Mrs Arbuthnot, who would have said exactly the same thing, hastened to qualify her point. ‘Not all the same,’ she said. ‘People, they aren’t all the same, are they?, even if they all live in the same road, and it’s nice to meet – well, anyway. It was a nice party she gave.’
‘Very nice,’ Mrs Warner said. ‘Of course,’ she went on, offering Anthea a little concession in return, ‘I’m not sure about letting those children stay up, cluttering up the party. A little out of control.’
‘The boy,’ Mrs Arbuthnot said, enjoying this part of the conversation. ‘The girl, of course, she’s not so bad, but I agree, I wouldn’t have them around, any kind of children, particularly when they’re at that difficult age. I notice you didn’t think of bringing your John along.’
‘No, I certainly didn’t,’ Mrs Warner said. ‘If you ask me, it’s nice to have an evening without your great lump hanging around and embarrassing you, and it’s not as if he needs a babysitter. They are a worry, though.’
‘A worry?’ Mrs Arbuthnot said. She remembered Mrs Warner’s John, hopeless. Mrs Warner explained.
‘Well,’ Mrs Arbuthnot said finally. ‘I’m sure it’ll all come right in the end. Now – goodness – what—’

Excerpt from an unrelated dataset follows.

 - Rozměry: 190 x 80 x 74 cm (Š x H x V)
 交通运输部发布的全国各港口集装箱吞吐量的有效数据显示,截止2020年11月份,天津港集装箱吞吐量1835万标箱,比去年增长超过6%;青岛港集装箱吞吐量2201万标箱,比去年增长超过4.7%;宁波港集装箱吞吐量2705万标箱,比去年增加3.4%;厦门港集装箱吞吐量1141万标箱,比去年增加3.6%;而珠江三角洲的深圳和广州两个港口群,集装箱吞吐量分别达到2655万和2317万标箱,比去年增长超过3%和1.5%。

Opposite, the front door of the Glovers’ had opened again. The removal men at the new people’s house, the new family, the husband, the girl and the elongated boy, as well as their mother, were all standing outside in an awkwardly arranged group, and had an excellent view. Through the door of the Glovers’ came Katherine. In her hands she was holding a – what was it – something limp but flexible, like—
‘That’s never a snake she’s got there,’ Mrs Arbuthnot said. ‘It is, it’s a snake. Goodness me.’

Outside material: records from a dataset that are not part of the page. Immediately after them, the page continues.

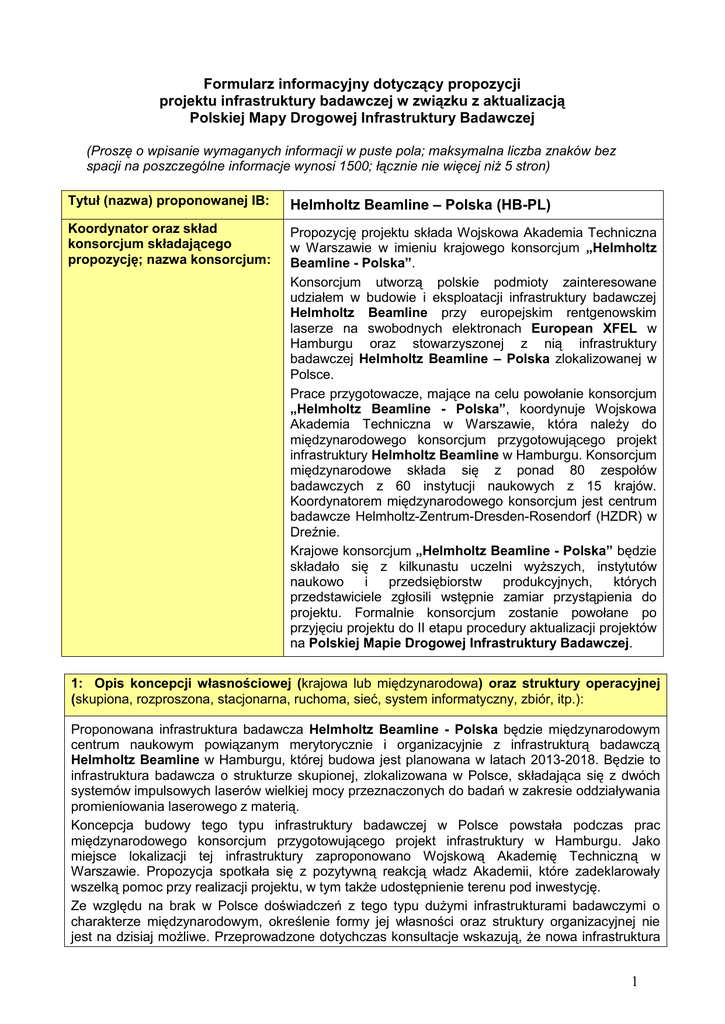 Formularz informacyjny dotyczący propozycji projektu infrastruktury badawczej w związku z aktualizacją Polskiej Mapy Drogowej Infrastruktury Badawczej (Proszę o wpisanie wymaganych informacji w puste pola; maksymalna liczba znaków bez spacji na poszczególne informacje wynosi 1500; łącznie nie więcej niż 5 stron) Tytuł (nazwa) proponowanej IB: Helmholtz Beamline – Polska (HB-PL) Koordynator oraz skład konsorcjum składającego propozycję; nazwa konsorcjum: Propozycję projektu składa Wojskowa Akademia Techniczna w Warszawie w imieniu krajowego konsorcjum „Helmholtz Beamline - Polska”. Konsorcjum utworzą polskie podmioty zainteresowane udziałem w budowie i eksploatacji infrastruktury badawczej Helmholtz Beamline przy europejskim rentgenowskim laserze na swobodnych elektronach European XFEL w Hamburgu oraz stowarzyszonej z nią infrastruktury badawczej Helmholtz Beamline – Polska zlokalizowanej w Polsce. Prace przygotowacze, mające na celu powołanie konsorcjum „Helmholtz Beamline - Polska”, koordynuje Wojskowa Akademia Techniczna w Warszawie, która należy do międzynarodowego konsorcjum przygotowującego projekt infrastruktury Helmholtz Beamline w Hamburgu. Konsorcjum międzynarodowe składa się z ponad 80 zespołów badawczych z 60 instytucji naukowych z 15 krajów. Koordynatorem międzynarodowego konsorcjum jest centrum badawcze Helmholtz-Zentrum-Dresden-Rosendorf (HZDR) w Dreźnie. Krajowe konsorcjum „Helmholtz Beamline - Polska” będzie składało się z kilkunastu uczelni wyższych, instytutów naukowo i przedsiębiorstw produkcyjnych, których przedstawiciele zgłosili wstępnie zamiar przystąpienia do projektu. Formalnie konsorcjum zostanie powołane po przyjęciu projektu do II etapu procedury aktualizacji projektów na Polskiej Mapie Drogowej Infrastruktury Badawczej. 1: Opis koncepcji własnościowej (krajowa lub międzynarodowa) oraz struktury operacyjnej (skupiona, rozproszona, stacjonarna, ruchoma, sieć, system informatyczny, zbiór, itp.): Proponowana infrastruktura badawcza Helmholtz Beamline - Polska będzie międzynarodowym centrum naukowym powiązanym merytorycznie i organizacyjnie z infrastrukturą badawczą Helmholtz Beamline w Hamburgu, której budowa jest planowana w latach 2013-2018. Będzie to infrastruktura badawcza o strukturze skupionej, zlokalizowana w Polsce, składająca się z dwóch systemów impulsowych laserów wielkiej mocy przeznaczonych do badań w zakresie oddziaływania promieniowania laserowego z materią. Koncepcja budowy tego typu infrastruktury badawczej w Polsce powstała podczas prac międzynarodowego konsorcjum przygotowującego projekt infrastruktury w Hamburgu. Jako miejsce lokalizacji tej infrastruktury zaproponowano Wojskową Akademię Techniczną w Warszawie. Propozycja spotkała się z pozytywną reakcją władz Akademii, które zadeklarowały wszelką pomoc przy realizacji projektu, w tym także udostępnienie terenu pod inwestycję. Ze względu na brak w Polsce doświadczeń z tego typu dużymi infrastrukturami badawczymi o charakterze międzynarodowym, określenie formy jej własności oraz struktury organizacyjnej nie jest na dzisiaj możliwe. Przeprowadzone dotychczas konsultacje wskazują, że nowa infrastruktura 1 może przystąpić do międzynarodowej spółki w ramach europejskiego konsorcjum ERIC, w skład, którego będzie także wchodziła planowana infrastruktura Helmholtz Beamline w Hamburgu oraz budowana obecnie wielka europejska infrastruktura badawcza Extreme Large Infrastructure ELI, składająca się z infrastruktury ELI - Beamline w Czechach, infrastruktury ELI – Atto na Węgrzech oraz infrastruktury ELI – NP w Rumunii. 2: Opis celów badawczych oraz programu badań: Z uwagi na merytoryczne połączenie planowanej nowej infrastruktury w Polsce z infrastrukturą Helmholtz Beamline w Niemczech, cele badawcze i program badań obydwu infrastruktur będą zbliżone. Zasadniczym obszarem badawczym nowej infrastruktury będzie oddziaływanie promieniowania laserowego z materią przy bardzo wysokich wartościach gęstości energii oraz intensywności promieniowania. Na infrastrukturze w Polsce prowadzone będą badania poprzedzające oraz uzupełniające badania prowadzone na infrastrukturze w Niemczech. Potrzeba takiej dodatkowej infrastruktury stowarzyszonej wynika z faktu, że badania planowane na infrastrukturze Helmholtz Beamline, z uwagi na bardzo wysokie koszty korzystania z wiązki lasera rentgenowskiego XFEL, będą musiały być poprzedzone wstępnymi badaniami wykonanymi za pomocą urządzeń o podobnych parametrach oraz w zbliżonych warunkach pomiarowych. Uwagę na konieczność takiego postępowania zwracano podczas spotkań roboczych przyszłych użytkowników infrastruktury European XFEL. Poza badaniami powiązanymi z pracami badawczymi planowanymi na infrastrukturze w Hamburgu, na infrastrukturze Helmholtz Beamline – Polska będą prowadzone także badania, które będą powiązane merytorycznie z badaniami planowanymi na infrastrukturach badawczych ELI. Dotyczy to w szczególności programu badań planowanych na infrastrukturze ELI - Beamline w Pradze, które dotyczą wytwarzania laserem wtórnego promieniowania elektromagnetycznego w krótkofalowym obszarze widma i strumieni cząstek naładowanych (secondary sources) oraz programu badań na infrastrukturze ELI - NP w Bukareszcie, które dotyczą zastosowania impulsowych laserów wielkiej mocy z fizyce jądrowej. 3: Opis unikalnego charakteru IB oraz potencjalnego wkładu w rozwój badań naukowych: Infrastruktura Helmholtz Beamline – Polska będzie unikalną infrastruktura badawczą w Europie i jedną z nielicznych na świecie. Analogicznie do infrastruktury w Hamburgu, będzie się składać z dwóch systemów impulsowych laserów wielkiej mocy i energii: femtosekundowego lasera o mocy w impulsie do 1 PW (1015 W) oraz nanosekundowego lasera o energii w impulsie do 1 kJ. Infrastruktura wyposażona będzie w stano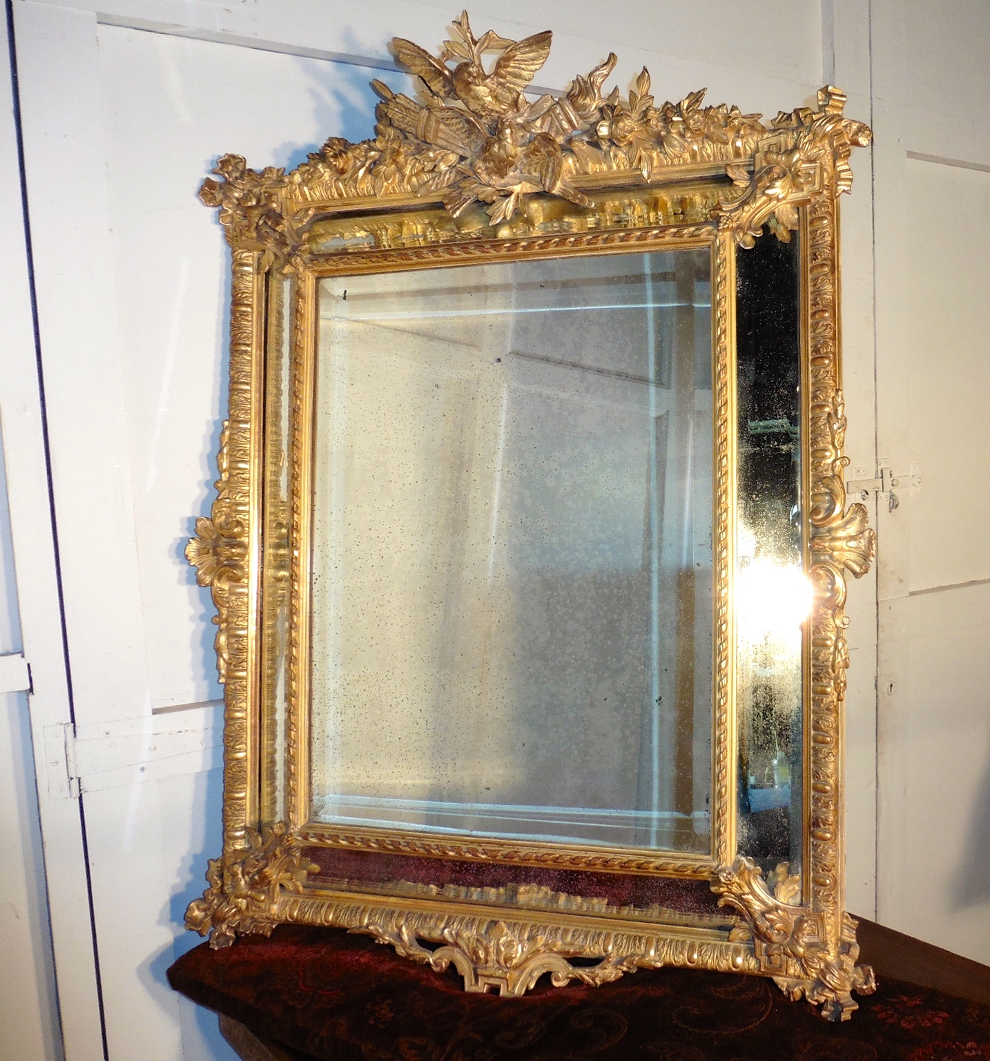 Large Shabby Gilt Napoleon III French Cushion Mirror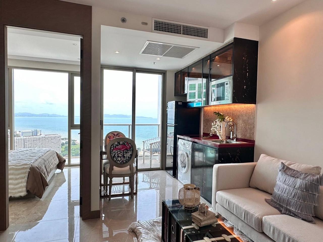 Riviera Ocean Drive — это 43-этажный жилой комплекс класса люкс с дизайнерскими интерьерами и высоким уровнем сервиса. Все апартаменты сдаются с полной отделкой и меблировкой. Из окон открываются захватывающие панорамы моря, города и холмов Пратамнак. Проект отмечен международными премиями в сфере недвижимости.

‘Where’s that from?’ Mrs Warner said. ‘Not the garden, surely.’
‘I never heard of—’ Mrs Arbuthnot said, but she dried up at what was happening. Behind Katherine and her snake came her younger boy, screaming and crying, tugging at her ineffectually, and the two others standing by. The windows were shut, but the boy was screaming, ‘You fucking, fucking mother,’ as Katherine marched down the path.
‘Disgraceful,’ Mrs Arbuthnot said. ‘He can’t be more than –’
‘Eight,’ Mrs Warner supplied. ‘Imagine. Look, here’s Caroline—’
But the nursery nurse, just heaving herself down the road, coming into view, stopped dead at Arbuthnot’s gate, and, like the new family and the removers and, inside, Anthea and Karen, watched Katherine and the children.
‘Don’t you ever—’ Katherine was screaming at her son, who was screaming back. ‘And if you ever do anything like that again – this is what happens when you do something as naughty as—’
She ran out of words. She didn’t seem to see anyone else around her; the snake, held between her two hands, she raised above her head in a bold, a dancer’s gesture, and flung it down on the pavement. ‘Stop it, stop it!’ Tim was screaming, over and over, but she raised her foot and brought the heel of her black shoe down on the snake’s head, crushing it in one. It flailed behind her like a whip. The screaming rose, went beyond words, and the little boy’s face purpled with terror and violence. His limbs flailed away from him in undecided, unformed gestures, as if some invisible force was plucking at them, and he screamed and screamed. Behind him, his sister turned away and, with a gesture too theatrical to be anything but instinctive, covered her eyes. Over the road, the new people, the Sellerses, stood and stared, and you couldn’t blame them.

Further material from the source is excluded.